Creating a child theme from the hueman theme

I’m writing these notes so that next time I try to do this I have some guidance. The modifications relate to the new site I have been working on But I have subsequently determined that the better way to make the kind of changes I want to do to the CSS and maintain them if the theme is updated, is to use the Simple Custom CSS plugin – which works a treat (should have done that in the first place!!!!)

From the filemanager in the control panel on my host, I created a new directory in the blog/wp-content/themes/ directory called hueman-child. The blog directory is where the wordpress installation files are.

Using FireFTP, I downloaded the style.css file from the directory blog/wp-content/themes/hueman. It is useful to have a copy of the style sheet locally on your own computer anyway, so you can have a good look at it if there are things you want to change.

I created a new blank file in notepad++ called style.css. The example headers I had from various instructions I found didn’t completely tell me what I needed. The example from was this:

 Theme Name:   Twenty Fifteen Child
 Theme URI:
 Description:  Twenty Fifteen Child Theme
 Author:       John Doe
 Author URI:
 Template:     twentyfifteen
 Version:      1.0.0
 License:      GNU General Public License v2 or later
 License URI:
 Tags:         light, dark, two-columns, right-sidebar, responsive-layout, accessibility-ready
 Text Domain:  twenty-fifteen-child

I compared this to the header in the hueman theme style.css and replaced each bit, so I then had this as the header:

 Theme Name:   Hueman Child
 Theme URI:
 Description:  <a href="">Hueman</a> is a responsive 100% high resolution theme for blogs and magazines. Unique toggle sidebars give a great browsing and reading experience on both tablet and mobile. The feature list is long: Unlimited topbar, header, footer and accent colors, unlimited widget areas, 0-2 sidebars to the left or right that can be uniquely specified for each page or post, 300px / 220px fixed width sidebars, 0-4 footer widget columns, almost zero layout images, related posts and post nav, featured story or slider, 10 post formats, good SEO, 3 flexible custom widgets, localisation support, social links, logo upload and many more useful admin panel features.
 Author:       Alexander Agnarson
 Author URI:
 Template:     hueman
 Version:      1.5.4
 Copyright:    (c) 2013 Alexander "Alx" Agnarson
 License:      GNU General Public License v3.0
 License URI:
 Tags:         light, one-column, two-columns, three-columns, right-sidebar, left-sidebar, fluid-layout, fixed-layout, custom-colors, custom-menu, featured-images, flexible-header, full-width-template, post-formats, sticky-post, theme-options, threaded-comments, translation-ready
 Text Domain:  hueman

This is where the instructions from were not very clear.
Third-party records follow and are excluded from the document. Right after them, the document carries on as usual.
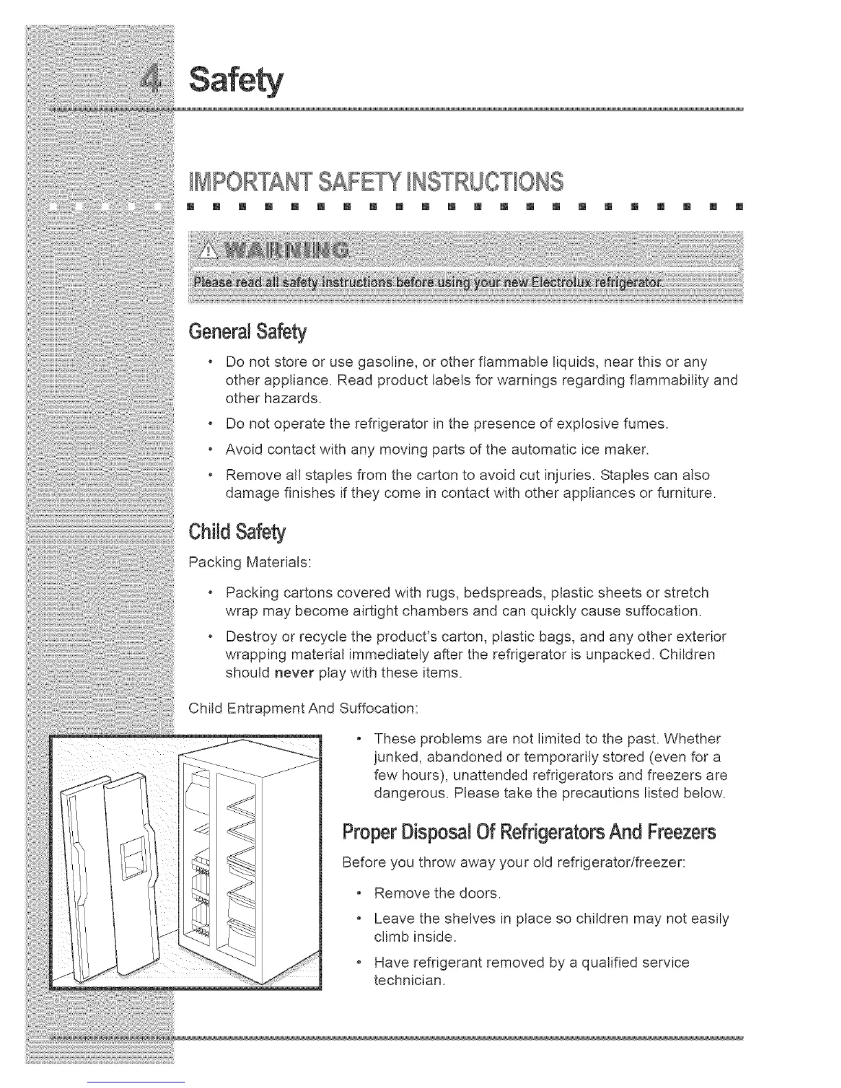 wrapping material immediately after the refrigerator is unpacked. Children
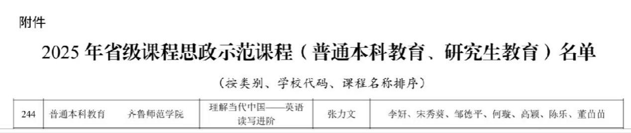近日,山东省高等学校课程思政研究中心公布2025年课程思政评选结果,我院张力文老师负责的《理解当代中国——英语读写进阶》成功入选,其教学团队创新构建的外语课程思政教学模式获高度认可,为同类课程建设提供了可复制、可推广的实践范例。
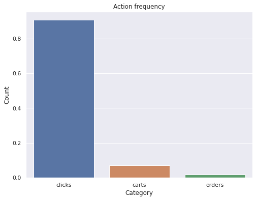 총 event 중 약 90% 정도가 click, 약 8% 정도가 cart, 나머지 약 2%가 order로 구성되어 있습니다.
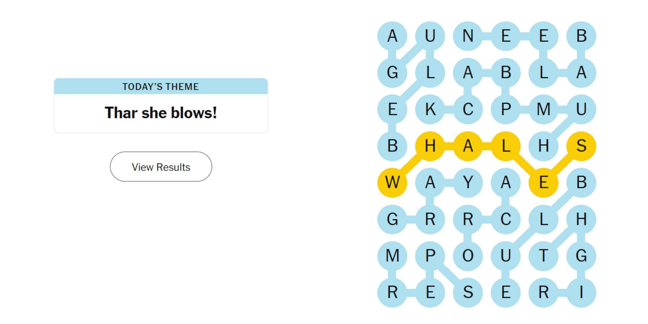 Le puzzle Strands d'aujourd'hui présente neuf éléments à localiser : le Spangram et huit mots thématiques. L'indice pour celui-ci est "Thar She Blows!"
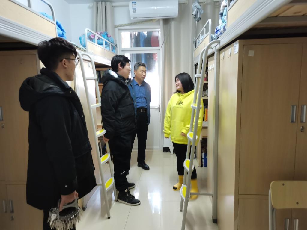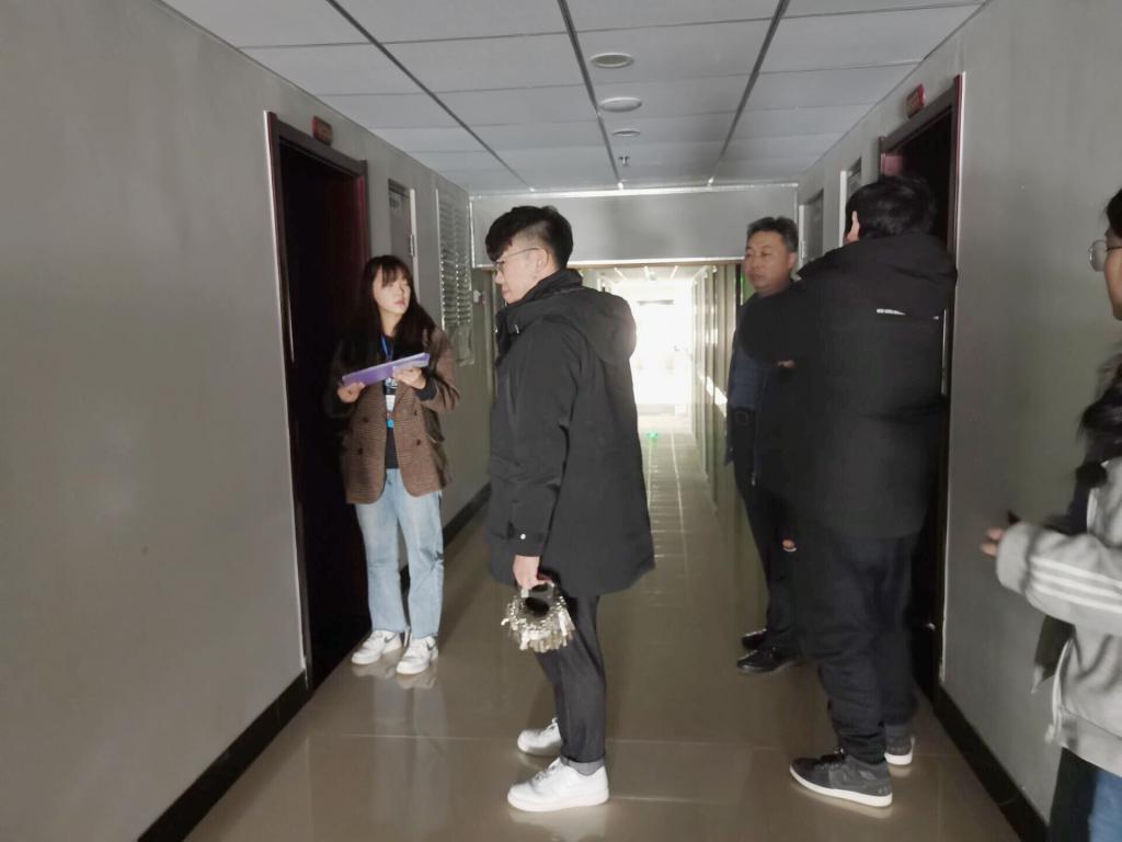 党委副书记毛永正,辅导员王亚平、冯德浩、黄秉帅、毛艺霏、蒋君带领学生会宿舍管理部成员对澳博体育
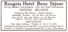 Advertentie : Rougets Hotel Beau SΓ©jour. 110-112 Boulev. Van Iseghem, 1 Bis Rue Saint Petersbourg, Ostend

The one line that is not in the source theme header is the “template: hueman” part. I thought that by being inside comment codes this is not read by the server, but maybe it is.

The rest of the instructions on the page were far too complicated. I found these directions easier to follow but it turns out they are out of date – @import is not the way to do things any more.

I then just added the following to the child theme style.css file:

@import url("../hueman/style.css");
/* CHILD THEME customization starts here
------------------------------------------------------- */

I saved this style.css file like that and then uploaded it via FireFTP into the newly created directory blog/wp-content/themes/hueman-child

Next I opened up the wp-admin panel of my site and had a look at what I could see in Appearance > Themes. I now had an additional theme labelled hueman that was just a grey box without the promotional picture.


I had already done some CSS customisation using Appearance > Edit CSS. That option had the warning that if the theme was changed the editing would be lost. It was unclear if selecting the child theme would lose those changes, but to be safe I copied them and pasted into a text document. Then I went back to the Appearance > Themes tab and clicked on the Activate button for the new child theme. Sure enough the CSS edits I had done reverted back to the original, but all of the setting options associated with the theme were still in place. That was my main concern that the colour settings and side bar changes would also be lost.

Now I can edit the CSS using the Appearance > Editor option. So I opened the new style.css file in that and copied and pasted the CSS modifications that I had saved in a temporary text file. Now I can add any other CSS modifications there and they will be saved.

The other thing to note is there is an additional CSS file with this theme: responsive.css. I assume that if I wanted to make modifications to that I would need to add another file that is called responsive.css to the hueman-child directory and have the following text at the top of it

@import url("../hueman/responsive.css");
/* CHILD THEME customization starts here
------------------------------------------------------- */

Confusion that I have

I am not really understanding how the instruction is being interpreted for which CSS file to look at and how the instruction is working to look in the hueman-child directory for the CSS to the hueman directory for everything else.

I’ve found it quite difficult to get exactly the changes that I want, in particular I am not finding my way around the responsive.css to make changes to the look on the tablet and phone. I wonder if there is an equivalent to the developer inspector tool that I can use on my android tablet to identify the classes of the components that I want to change?